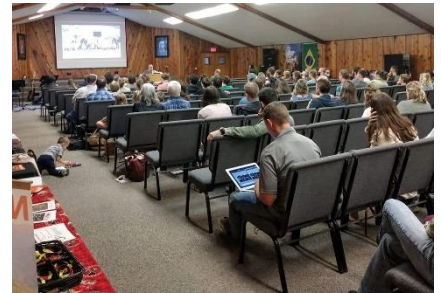
In class at Ethnos360 Training

I graduated April 9, 2022, with 48 other new missionaries who will all be transitioning into a variety of roles in places like Mexico, Brazil, West Africa, South Asia, Papua New Guinea, and the Philippines. All working towards the same goal: to see those without knowledge of or access to the Gospel and God's Word be reached and equipped to mature and multiply for generations to come.
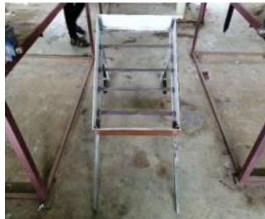
3. Chasis Frame

——————

▶ [Brief]
Output the data verbatim, images excluded.

▶ [Written answer]
In class at Ethnos360 Training

I graduated April 9, 2022, with 48 other new missionaries who will all be transitioning into a variety of roles in places like Mexico, Brazil, West Africa, South Asia, Papua New Guinea, and the Philippines. All working towards the same goal: to see those without knowledge of or access to the Gospel and God's Word be reached and equipped to mature and multiply for generations to come.
3. Chasis Frame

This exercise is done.